Exercise brief ::
With every picture left out, give the data below back exactly.

Dataset section ::
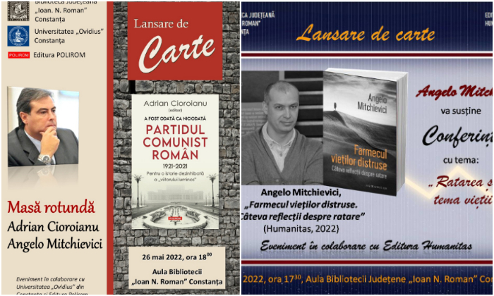Biblioteca Județeană „Ioan N. Roman” Constanța, în colaborare cu Universitatea „Ovidius” din Constanța, organizează joi, 26 mai 2022, ora 18.00, în Aula Bibliotecii, o Masă Rotundă, avându-l ca invitat pe istoricul și profesorul universitar de la Facultatea de Istorie a Universității din București, Adrian Cioroianu, editorul volumului „A fost odată ca niciodată Partidul Comunist Român 1921-1924. Pentru o istorie dezinhibată a viitorului luminos”, (Polirom, 2021) în dialog cu prof. univ. dr. habil Angelo Mitchievici (Universitatea „Ovidius” din Constanța).
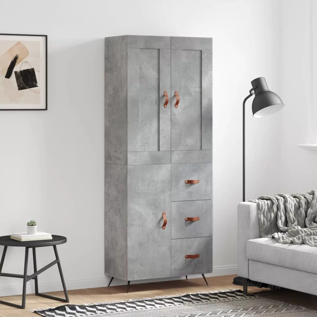betonszürke szerelt fa magasszekrény 69,5 x 34 x 180 cm
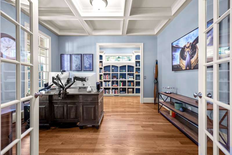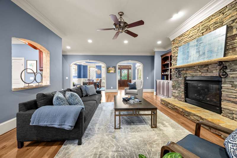 Stunning Custom Executive Home on Private Cul-de-Sac.Welcome to this beautifully crafted executive residence, tucked away on a quiet cul-de-sac offering both privacy and elegance. Step into a dramatic two-story foyer that opens to a spacious great room with a cozy fireplace ? perfect for relaxing or entertaining.The main level boasts a true gourmet kitchen with top-tier finishes, a formal dining room with coffered ceiling, a private study with French doors, and a guest suite complete with ensuite bath. Rich hardwood floors and stately moulding details throughout elevate the home's timeless sophistication.Upstairs, the expansive primary suite is a true retreat featuring a separate sitting area, a spa-like bathroom, and an absolutely massive walk-in closet/dressing room. Two additional bedrooms and a large bonus room provide plenty of space for family or guests.Step outside and enjoy the exceptional outdoor living space, complete with a spacious rear porch, covered and uncovered patio areas, and a built-in fire pit ? ideal for year-round entertaining.Additional highlights include a 3-car garage and countless custom upgrades throughout. This home offers the perfect blend of luxury, comfort, and thoughtful design.

Output of the exercise ::
Biblioteca Județeană „Ioan N. Roman” Constanța, în colaborare cu Universitatea „Ovidius” din Constanța, organizează joi, 26 mai 2022, ora 18.00, în Aula Bibliotecii, o Masă Rotundă, avându-l ca invitat pe istoricul și profesorul universitar de la Facultatea de Istorie a Universității din București, Adrian Cioroianu, editorul volumului „A fost odată ca niciodată Partidul Comunist Român 1921-1924. Pentru o istorie dezinhibată a viitorului luminos”, (Polirom, 2021) în dialog cu prof. univ. dr. habil Angelo Mitchievici (Universitatea „Ovidius” din Constanța).
betonszürke szerelt fa magasszekrény 69,5 x 34 x 180 cm
 Stunning Custom Executive Home on Private Cul-de-Sac.Welcome to this beautifully crafted executive residence, tucked away on a quiet cul-de-sac offering both privacy and elegance. Step into a dramatic two-story foyer that opens to a spacious great room with a cozy fireplace ? perfect for relaxing or entertaining.The main level boasts a true gourmet kitchen with top-tier finishes, a formal dining room with coffered ceiling, a private study with French doors, and a guest suite complete with ensuite bath. Rich hardwood floors and stately moulding details throughout elevate the home's timeless sophistication.Upstairs, the expansive primary suite is a true retreat featuring a separate sitting area, a spa-like bathroom, and an absolutely massive walk-in closet/dressing room. Two additional bedrooms and a large bonus room provide plenty of space for family or guests.Step outside and enjoy the exceptional outdoor living space, complete with a spacious rear porch, covered and uncovered patio areas, and a built-in fire pit ? ideal for year-round entertaining.Additional highlights include a 3-car garage and countless custom upgrades throughout. This home offers the perfect blend of luxury, comfort, and thoughtful design.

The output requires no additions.